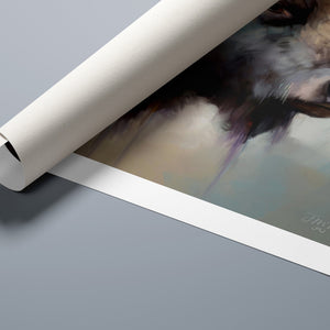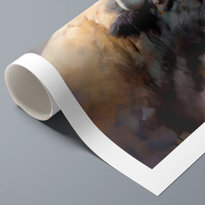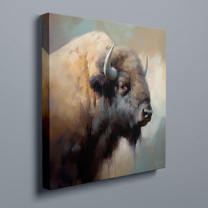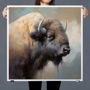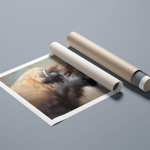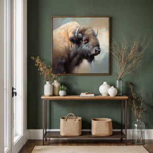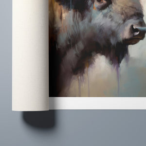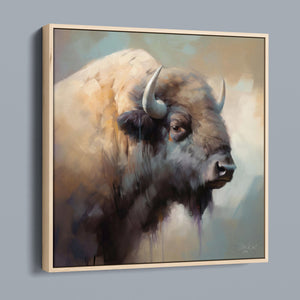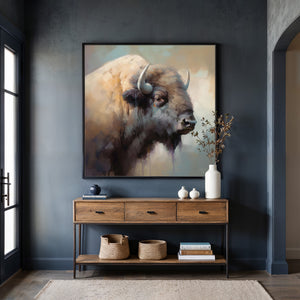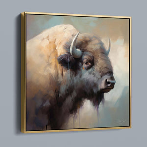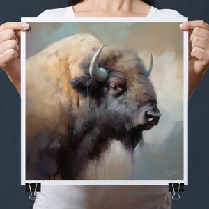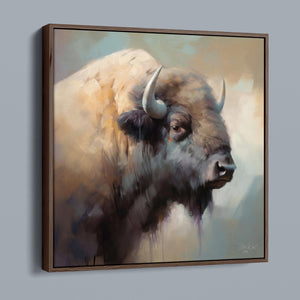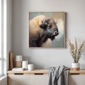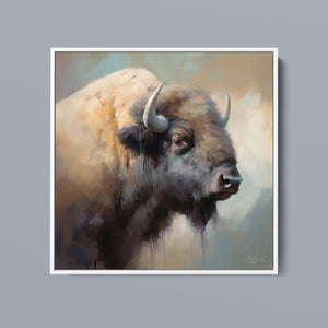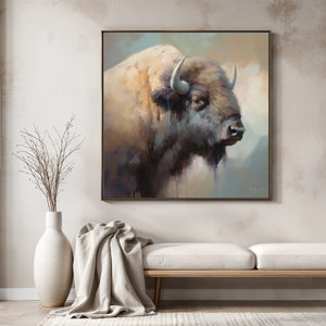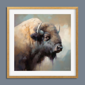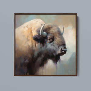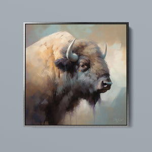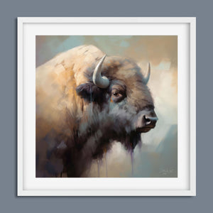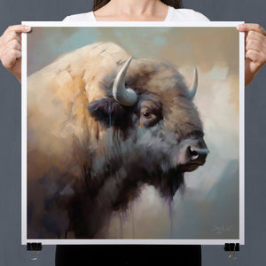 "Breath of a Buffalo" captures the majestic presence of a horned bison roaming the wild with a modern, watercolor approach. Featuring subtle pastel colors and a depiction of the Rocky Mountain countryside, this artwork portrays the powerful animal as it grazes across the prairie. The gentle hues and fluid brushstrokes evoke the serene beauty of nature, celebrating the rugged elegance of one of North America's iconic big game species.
---
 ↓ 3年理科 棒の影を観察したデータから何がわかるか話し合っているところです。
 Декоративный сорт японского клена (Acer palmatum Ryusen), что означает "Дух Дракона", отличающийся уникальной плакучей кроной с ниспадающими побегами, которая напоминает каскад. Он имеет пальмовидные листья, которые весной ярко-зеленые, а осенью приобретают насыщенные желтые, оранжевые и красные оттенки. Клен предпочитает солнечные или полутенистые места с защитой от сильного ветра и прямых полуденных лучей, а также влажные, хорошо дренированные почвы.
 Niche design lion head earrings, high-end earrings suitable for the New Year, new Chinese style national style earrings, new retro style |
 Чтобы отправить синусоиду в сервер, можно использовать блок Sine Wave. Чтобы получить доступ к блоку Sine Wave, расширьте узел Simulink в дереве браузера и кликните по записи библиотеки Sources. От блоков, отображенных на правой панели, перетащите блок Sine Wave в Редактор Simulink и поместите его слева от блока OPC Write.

* **What you will do**:
In the entries above, find the line with "Декоративный сорт японского" and the line with "Чтобы отправить синусоиду", then restate word for word both of them and every line between, with nothing more.

* **Output for this task**:
 Декоративный сорт японского клена (Acer palmatum Ryusen), что означает "Дух Дракона", отличающийся уникальной плакучей кроной с ниспадающими побегами, которая напоминает каскад. Он имеет пальмовидные листья, которые весной ярко-зеленые, а осенью приобретают насыщенные желтые, оранжевые и красные оттенки. Клен предпочитает солнечные или полутенистые места с защитой от сильного ветра и прямых полуденных лучей, а также влажные, хорошо дренированные почвы.
 Niche design lion head earrings, high-end earrings suitable for the New Year, new Chinese style national style earrings, new retro style |
 Чтобы отправить синусоиду в сервер, можно использовать блок Sine Wave. Чтобы получить доступ к блоку Sine Wave, расширьте узел Simulink в дереве браузера и кликните по записи библиотеки Sources. От блоков, отображенных на правой панели, перетащите блок Sine Wave в Редактор Simulink и поместите его слева от блока OPC Write.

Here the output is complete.